Editor’s Note: This character and interview are fictitious and are meant for comedic value only.
Through the friend of a friend I found myself in the south Denver studio apartment of Gimly Norris, second cousin of international film star and martial arts expert Chuck Norris.
Chuck Norris has become somewhat of a cult figure with the Internet success of the “Chuck Norris Facts” propelling him to an almost folk-hero-like status.
Chuck Norris is good looking and successful.

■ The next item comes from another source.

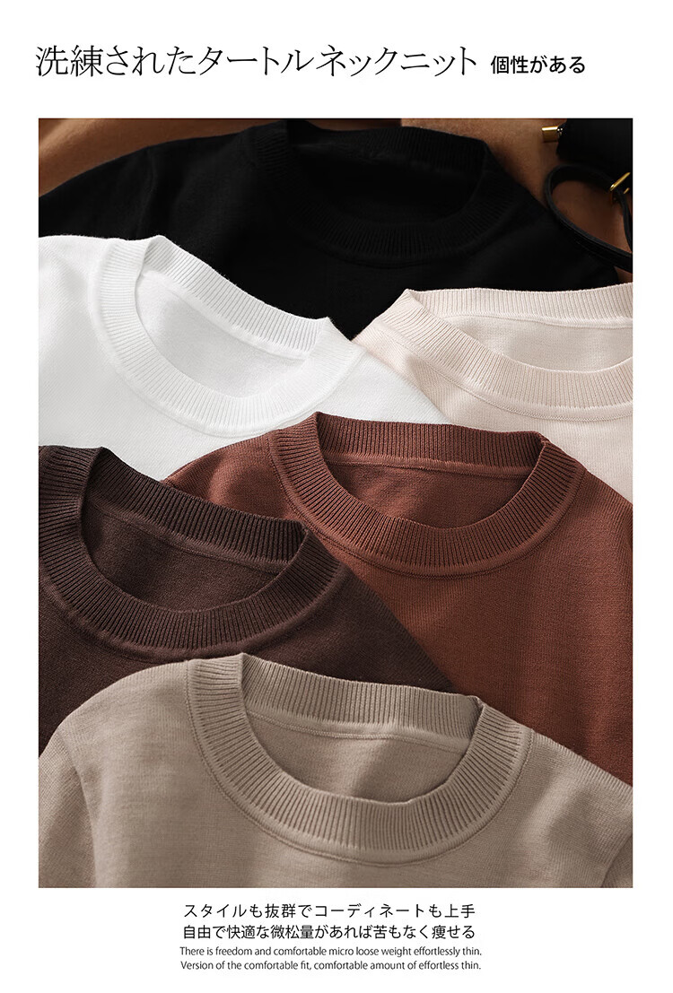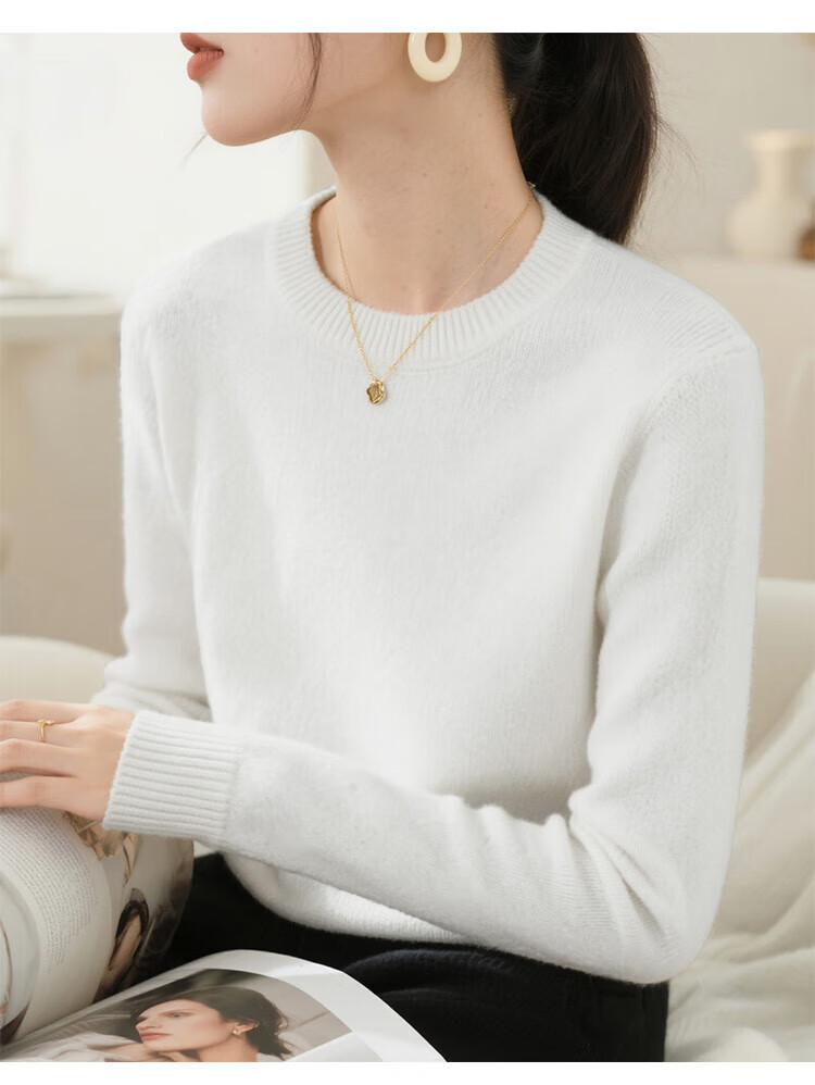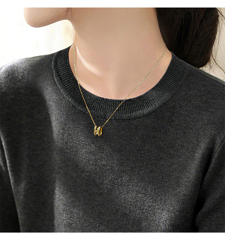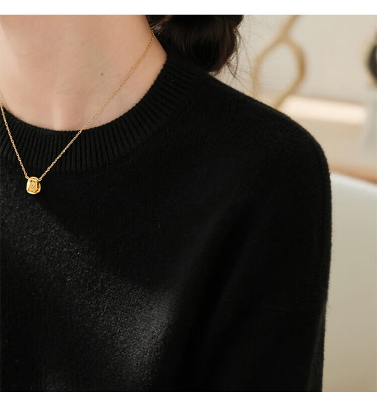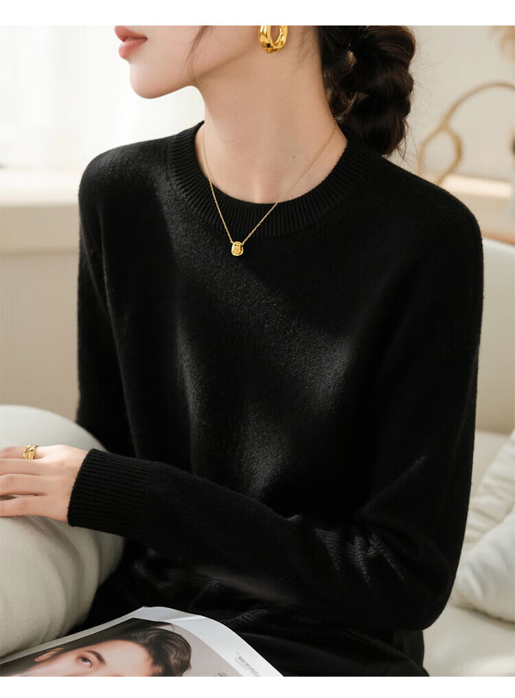 GUJIN round neck knitted bottoming shirt for women, warm top, sweater, long sleeve black

Gimly Norris is in his mid-40s, unemployed, overweight and balding.
I knocked on the door to find it partially open. I called out to no response, so I walked in. Random trash littered the apartment; strange smells came from piles of decaying garbage. Rats wandered about like pets.
Sitting in a dirty, broken-down easy chair, half a can of Pabst Blue Ribbon in one hand, pulling from a joint with the other, Gimly Norris watches hardcore porn on mute while Rush’s Take Flight plays from the stereo. He looks a bit like his famous cousin (the same ears perhaps). But only slightly.

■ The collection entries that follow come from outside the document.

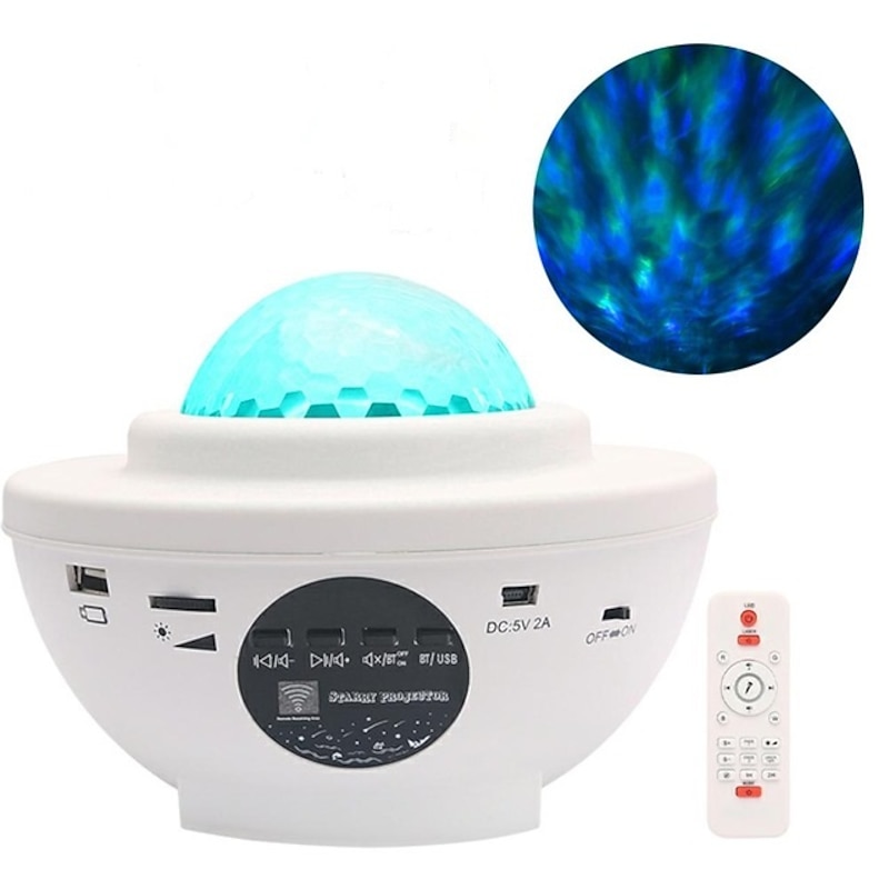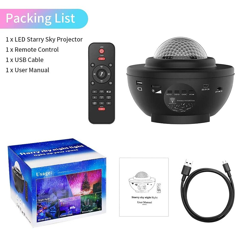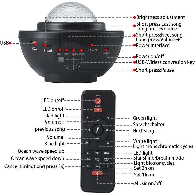 Highlights Product Selling Points: 1. Convenient remote control with sensitive and easy to use keys, powered by 2xAAA batteries. 2. The product offers a unique combination of 10 color water mark lamp and a green laser with multiple control options. Choose from four water mark colors, adjust the water mark mode and speed, control brightness, music and sound, with the added option of Bluetooth connectivity. All devices can connect effortlessly without checking. 3. The lamp body doubles as a music player with options to connect to a U disk or card reader. Users can easily adjust brightness, volume, skip and pause tracks, and even switch to Bluetooth mode, all powered by easy-to-use USB Android power supply.
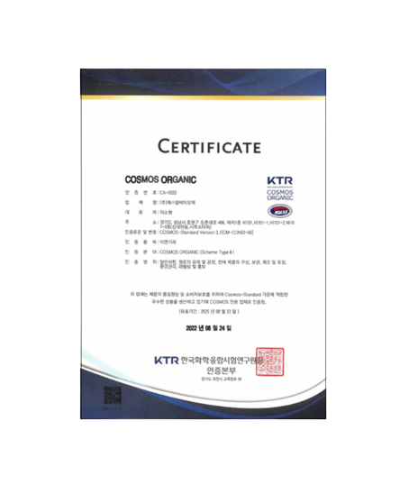 Tiene la certificación global de COSMOS Organic, que garantiza los procedimientos de producción, ausencia de ingredientes petroquímicos como parabenos, fenoxietanol, aromatizantes y colorantes sintéticos.
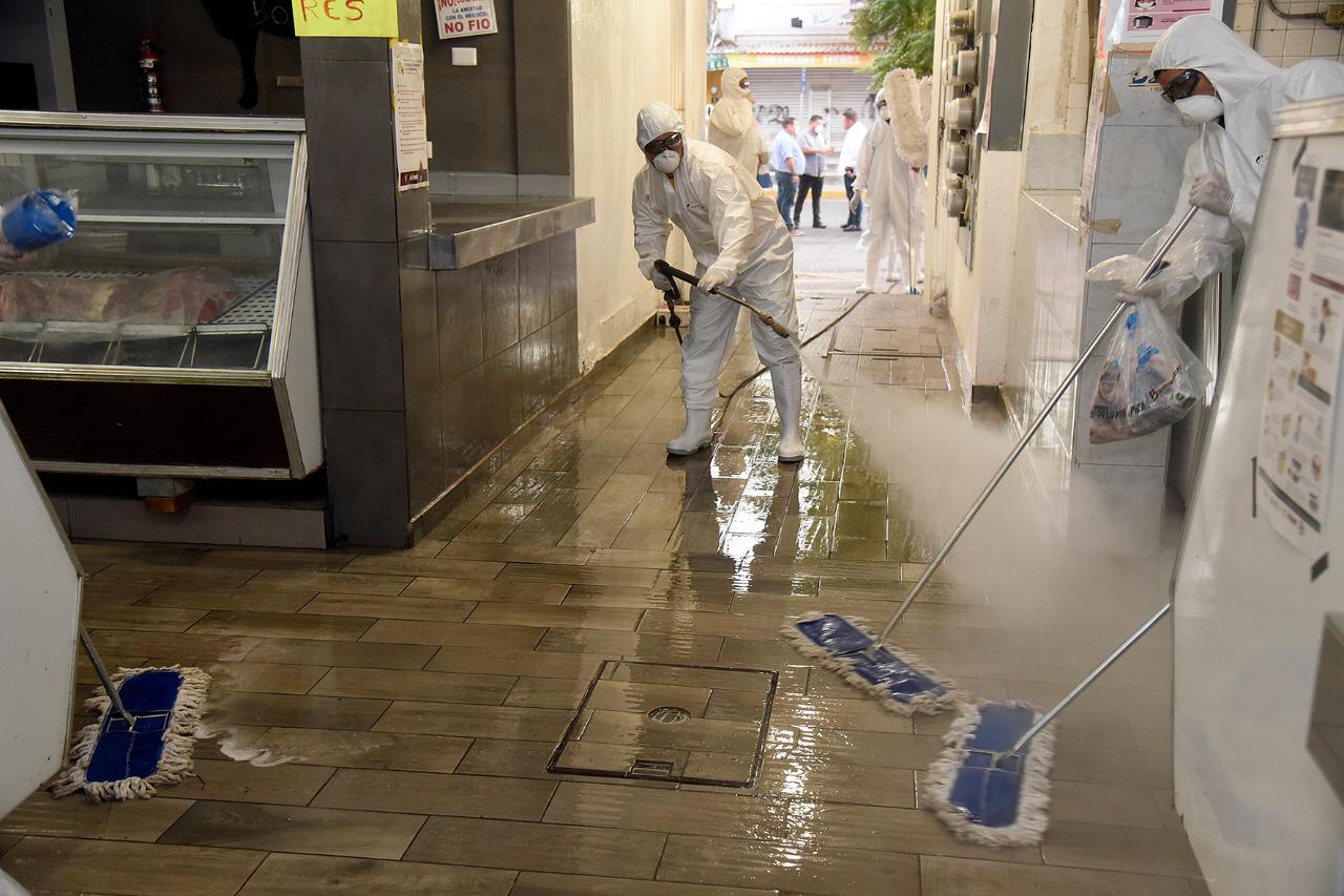 Las acciones de limpieza y desinfección a fondo, iniciaron la tarde de este viernes en el Mercadito Independencia de Los Mochis, aprovechando la hora del cierre del centro de abastos y no entorpecer las actividades comerciales.

He noticed my intrusion and gave me the crazy eyes.
I said hello.
He said, “Who sent you and for what purpose?”
Gimly Norris’ fingertips are stained inky black, a sure sign of a crack addiction.

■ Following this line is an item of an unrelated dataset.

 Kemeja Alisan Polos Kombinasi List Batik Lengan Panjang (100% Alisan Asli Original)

He wears a wife beater and greasy sweatpants. He smells like old baby food and vomit.
Gimly Norris offered me the rest of a Bud Light on the floor beside him. It was warm and smelled like urine. I politely declined and asked for a glass of water.
Gimly Norris doesn’t have any cups; he drinks out of his hand.
My initial shock, which bordered instantly on alarm, had now become sheer panic. The door was still open, and I figured I could bolt and Gimly would forever wonder if I was just a figment of his hallucinations, a bad vision brought on by too much of whatever Gimly was on.
I sat down on a cinder block, which was the only other piece of furniture in the place, set up my tape recorder, kept a firm grip on my keys in case I had to use them to gouge out his eyes in the event that he turned psycho, and began the interview.
KJ: So, Gimly, what’s your favorite Chuck Norris fact?
GN: Um, I don’t know. How about Chuck Norris was breastfed until the age of seven. Chuck Norris only wears a beard to cover his hair lip?
KJ: Oh, well.
GN: Chuck Norris can’t read. That do anything for ya?
KJ: Not a fan, I take it.
GN: Listen man, Chuck ain’t that great. Guess what he got me for Christmas last year? Guess…
(I shake my head)
GN: A scarf. He got me a f***ing scarf. The guy’s a f***ing millionaire.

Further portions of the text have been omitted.